Hey, trying again :slightly_smiling_face: I’m loo...
# ask-community
o
Hey, trying again 🙂 I’m looking for an advice on how to structure a Dagster pipeline for the following case - we want to create a pipeline we can use for running ML models on parts of our historical data (list of time intervals, usually several hours for each interval, not a full day) with different parameters every time (for example, different version of the model or different configuration). • The request arrives as a configuration file with the list of intervals, and the model config • Each unit of work (time interval + model config) can take hours to run, and uses a lot of resources (CPU, memory, GPUs) • We want to run many of these time intervals in parallel Our current solution uses a sensor that reads the file from a bucket and creates many runs of a job that does the calculation (the sensor passes the time interval and model config as part of the run config). Each run ends up spinning a different k8s job with all the resources it needs and it all scales very nicely. However, managing it is sometimes challenging compared to a solution that uses partitions. For example, if sometimes fails (after several retries), we need to find the specific run that failed and re-execute. It would also be nice to be able to find all of the partitions that belong to a specific request (filename) and rerun the ones that failed. Is there a better way to structure this? Can I change the job to use a DynamicPartitionsDefinition (or a Multi Partition with dynamic partitions)? Would it be easier to implement this using Assets? I thought of having the sensor add a multi partition partition for each
request file|line number
(so I can later easily find all of the partitions belonging to a specific request file) Thanks!
🤖 1
s
Hi Oren, IIUC I see two possibilities for you: • Stick with ops and use a
DynamicPartitionsDefinition
containing the time interval-- we do have a
TimeWindowPartitionsDefinition
class, but it requires a cron schedule, and it sounds like your intervals are irregular. This solution is an incremental step from what you have and might be easier, but the benefits may be limited. • Switch to using assets with either
DynamicPartitionsDefinition
or
MultiPartitionsDefinition
. Assets are the future of Dagster so this is in principle more desirable, but the current asset model might not have the flexibility to accommodate you. What does a run of your job look like-- are there a lot of different ops?
o
Thanks Sean! Yes, I think that for a job, a DynamicPartitionsDefinition would work better. It’s not just that the time intervals are irregular, but there’s also the model version dimension (we run different version of the model for the same date so we can compare some of the results). The current job has 4 steps - 1. read list of images (for the given time range), 2. download the images, 3. run the model on the images, and 4. write results to DB. Packing these into a single OP to make life easier for the asset might not be too bad, and I could use IO Managers instead of some of the steps. Is there an example of a
MultiPartitionsDefinition
with only dynamic partitions? Anything I need to know about it, or it’s just a matter of creating the correct MultiPartitionKeys from the sensor?
s
For your above listed steps it doesn’t sound like you have a meaningful data intermediate so I think a single multi-dimensionally partitioned asset with a time interval and model version partition is the way to go.

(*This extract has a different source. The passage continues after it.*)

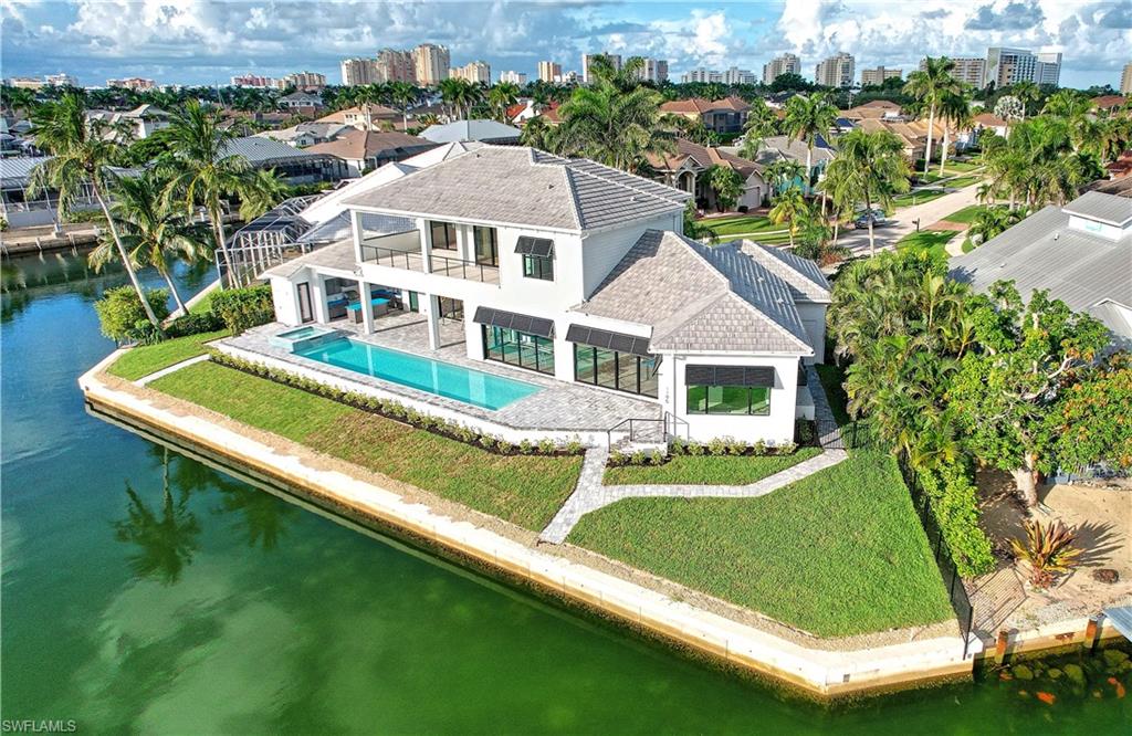 Located in the exclusive Marco Island Estates. This magnificent 3-bedroom plus den, 3.5-bath, with oversized garage, circular drive lined with Royal Palms and exquisite landscaping. Situated on nearly half an acre with 147 feet of prime waterfront, this exceptional Divco custom designed residence offers over 3,800 square feet under air and more than 4,000 total square feet of exceptional living space. The spacious home features soaring volume ceilings enhanced by exquisite custom moldings and features throughout, creating an atmosphere of elegance. The gourmet kitchen serves as the heart of the home, highlighting custom cabinetry, a generous center island with breakfast bar, and a complete suite of stainless-steel premium appliances and a large pantry. The luxurious master suite features a spacious bedroom with private sitting area, two large, oversized closets and master bathroom with dual vanities, soaking tub, and separate shower. Home has separate formal dining room for entertainment and a breakfast area with bay view. Living room and family room have fantastic water views and open to an impressive lanai with even better water views, multiple seating areas and resort style pool and hot tub. Covered lanai extends the entire length of the home, enjoy year-round sunshine, spectacular sunsets, continual parade of boats, and many playful dolphins to watch. Boating and fishing enthusiasts will appreciate the private marina featuring three boat lifts, including two 16,000-pound lifts for larger boats and one 8,000-pound lift for smaller boats or jet skis. Great fishing off the docks or the deep-water canal provides quick access to the Gulf of America, placing world-class fishing waters and the 10,000 Islands just minutes away. Additional premium amenities include a central vacuum system, new roof in 2018, 30 KW liquid cooled generator with underground 500-gallon propane storage tank. Mature, well-maintained landscaping, including banana trees thrive throughout the estate. Marco Island's finest dining, shopping, and pristine beaches within minutes of this exceptional waterfront estate home.

Is there an example of a MultiPartitionsDefinition with only dynamic partitions?
I’m not aware of one, but cc @claire for confirmation.
c
Hi Oren. Here's a simple example:
Copy code
@asset(
    partitions_def=MultiPartitionsDefinition(
        {"a": DynamicPartitionsDefinition(name="a"), "b": DynamicPartitionsDefinition(name="b")}
    )
)
def multipartitioned_with_dynamic_dimensions():
    ...
Multipartitioned assets with dynamic dimensions function the same as other multipartitioned assets, just like you mentioned you'll need to create the correct `MultiPartitionKey`s
👍 1